Was it intelligent? Could it have made an attempt to communicate with the medical student (Joan Taylor) who nurtures it in its early phases of growth or she with him? There may have been some hints at this direction before the film quickly became yet another giant monster film. A very good one, to be sure, with location filming in Rome and a spectacular climax at the Colosseum, but one that never allowed itself to experiment with a more ambitious characterization of the Ymir.  Not that audiences in 1957 seemed to mind. I’m just singling it out as the only film of the ones Harryhausen devoted to a single animated creature that would have lent itself to a Kong-like characterization. In any event, I would argue that Harryhausen’s finest work, in terms of crafting a believable and compelling onscreen character via animation, would be Mighty Joe Young, which was, of course, supervised by Willis O’Brien.

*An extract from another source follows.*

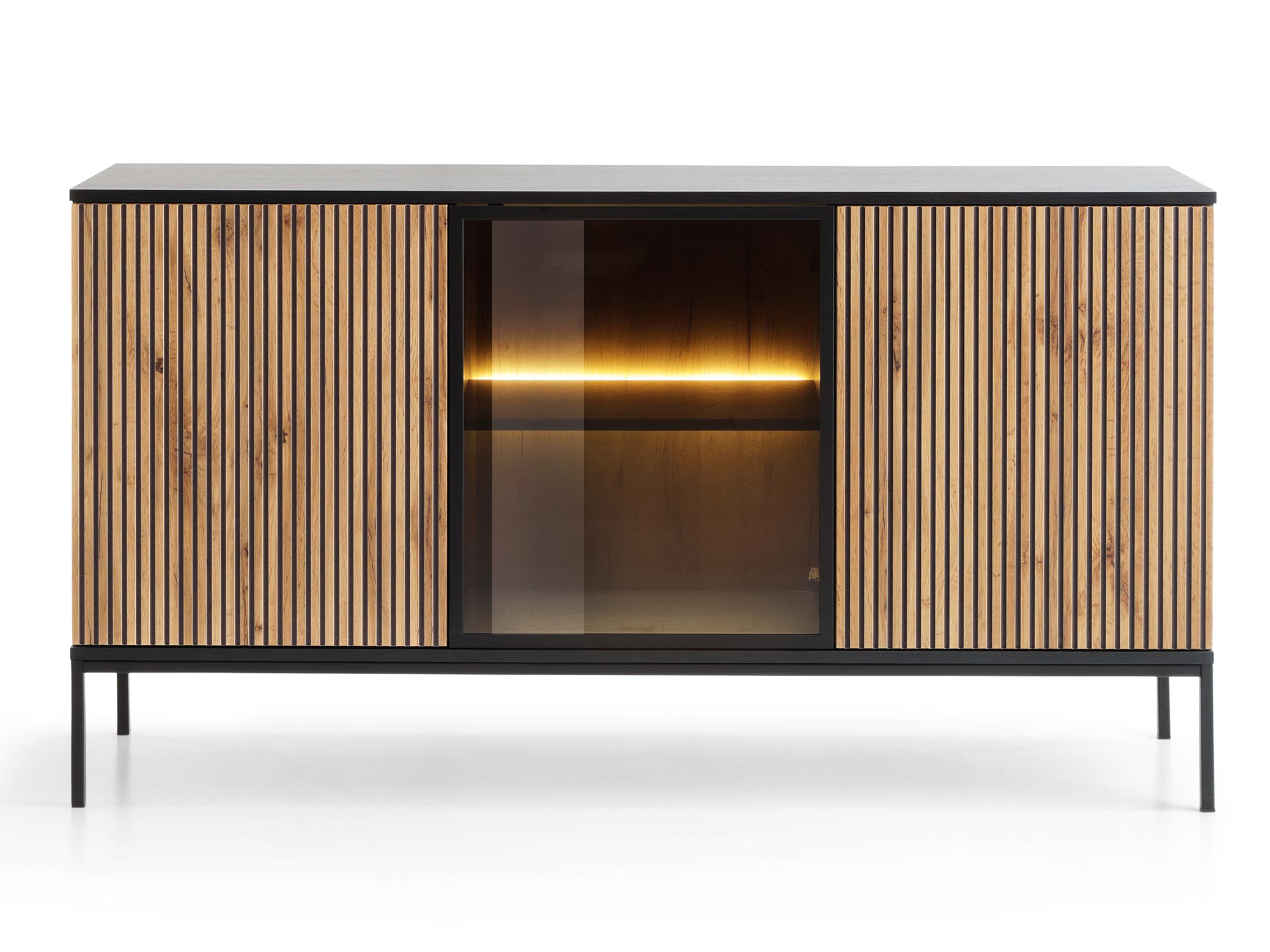 Komoda Spokój Dąb Wotan/Czarny 154cm to doskonałe zestawienie naturalnych barw i materiałów, które nadaje jej wyjątkowego charakteru i sprawia, że przyciąga wzrok w każdym wnętrzu.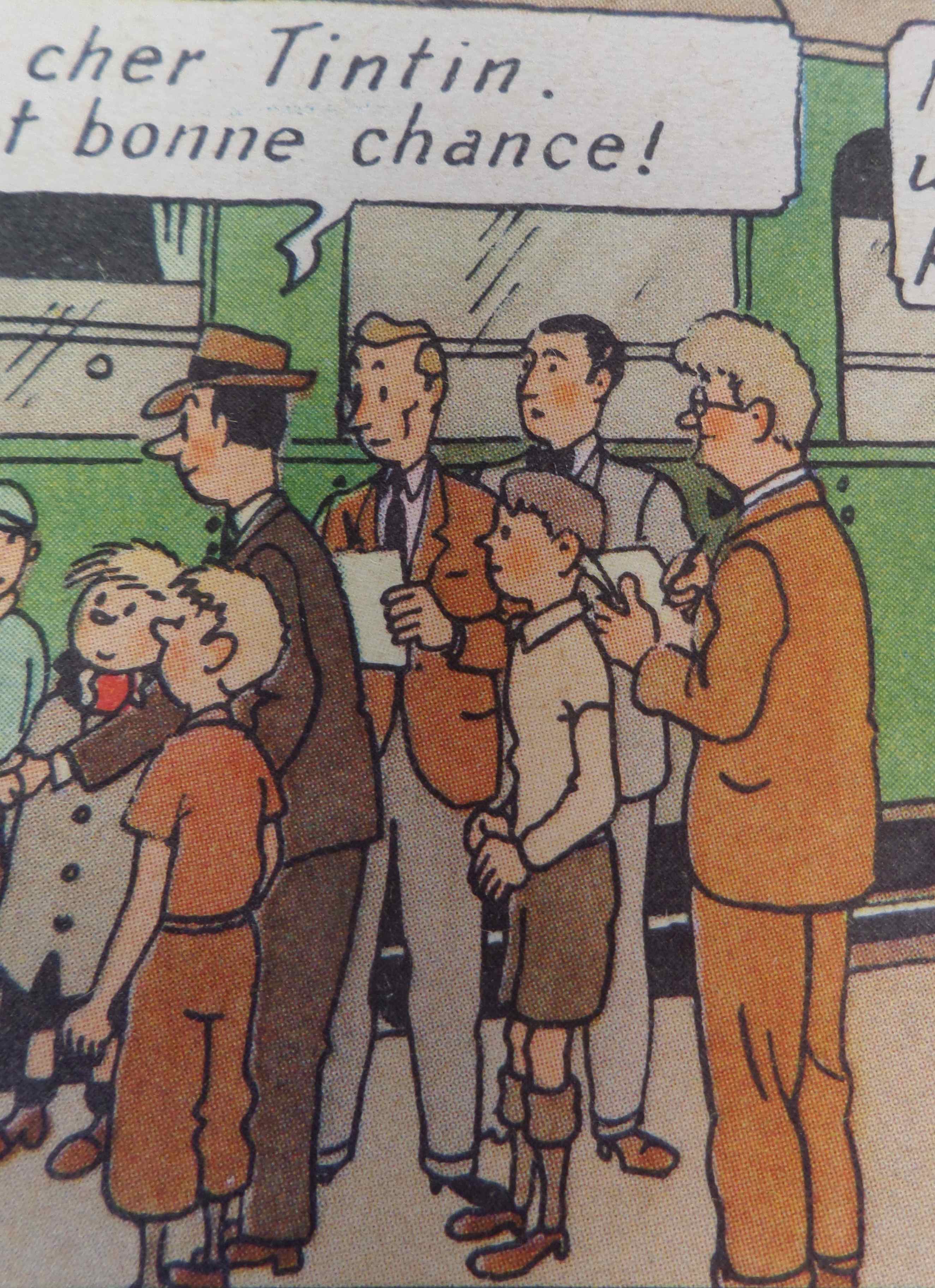 Un scout est là (Hergé était proche du mouvement scout catholique, il dessinait dans Le Petit Vingtième proche de la droite catholique), Quick et Flupke (d’autres héros de Hergé) l’entourent. On voit aussi au fond les Dupondt qui n’apparaîtront dans les histoires de Tintin en tant que personnages importants que plus tard, mais n’oublions pas que Hergé a repris ses premiers albums pour modifier les séquences, les moderniser ou ajouter des détails.

The one film in Harryhausen’s filmography that I’ve never seen is the documentary, THE ANIMAL WORLD (1956), produced by Irwin Allen, which includes a dinosaur segment animated by Willis O’Brien and Harryhausen. I’d long thought that the film was lost but in researching this piece I’ve learned that the Warner Archive has resurrected it and made it available on DVD and that the dinosaur segment is featured as an extra on the DVD release of THE BLACK SCORPION (1957), for which O’Brien did the effects.

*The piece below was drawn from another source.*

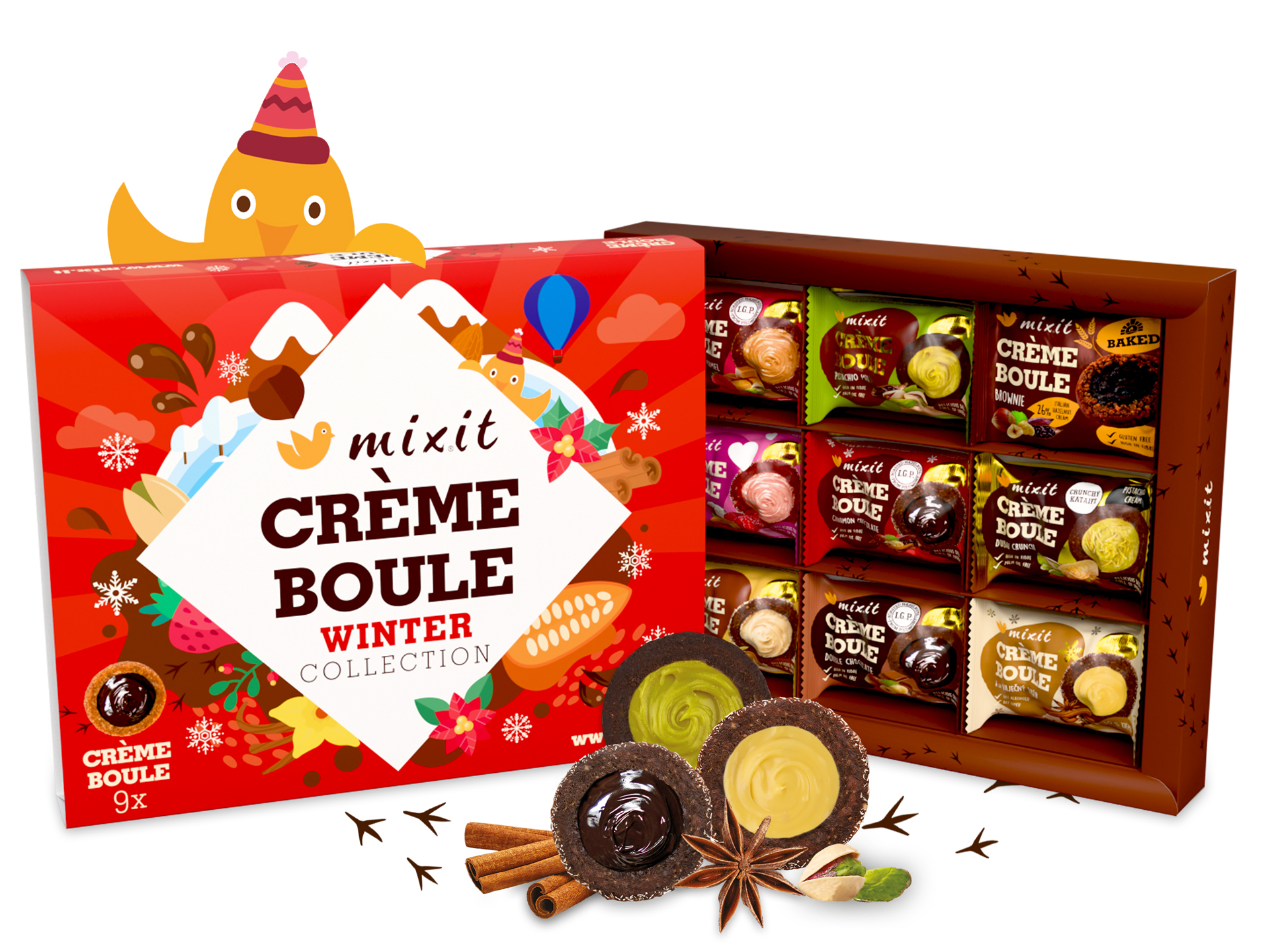 1x Crème boule – Dubai Crunch1x Crème boule – Strawberry Caramel1x Crème Boule – Love Berry1x Crème boule – Vanilla Date1x Crème boule – Double chocolate1x Crème boule – Pistachio Mio1x Pieczona Crème boule Pečená – Brownie1x Crème boule – Cinnamon Chocolate1x Świąteczna Crème boule à la ajerkoniak

I did watch “The Harryhausen Chronicles” for this piece. It’s a one-hour TV special, written and directed by Richard Schickel and narrated by Leonard Nimoy, that aired on American Movie Classics in 1998. It’s included as an extra on the MYSTERIOUS ISLAND DVD. It shows clips from most of Harryhausen’s films, but not THE ANIMAL WORLD. Among the interviewees are Ray Bradbury, who died less than a year ago, and his longtime producer Charles Schneer, who died four years ago. One of the great things about this documentary is the abundance of footage we see from Harryhausen’s early color animated shorts, including “Evolution,” an early work featuring dinosaur animation, and some of the fairy tale shorts he made in the  1940s.

Harryhausen and his mentor, Willis O’Brien belonged to an era when special effects were guided by artists and not technicians. They had the touch of the human hand in them and an air of unmistakable craftsmanship and artistry. You can see O’Brien’s blood, sweat, and tears in every animated frame of KING KONG. (I include Godzilla creator Eiji Tsuburaya with his rubber-suited monsters in this group as well.) Today, when teams of hundreds of computer wizards sit at work stations and turn out hour after hour of CGI footage, it’s hard to isolate the sign of a lone visionary. I’m not saying innovative work isn’t being done in CGI—I happened to love Peter Jackson’s version of KING KONG and thought it captured the spirit of the original quite well and reflected Jackson’s artistic sensibility—but it’s getting harder and harder to sift through all the current wave of special effects extravaganzas to find it.

One Response to “Ray Harryhausen Centennial”

  1. Bill Baldwin July 2, 2020 at 1:07 AM #

    Loved all of Harryhausen’s films, however primitive by today’s standards. There was always that wonderful question you left the theatre pondering — How did they do that?
    I believe I beat you into Loew’s Paradise in the Bronx. My first visit there was for the double-bill, “Ivanhoe” and “Knights of the Round Table”, in April, 1962. Thanks for this entry. All very interesting.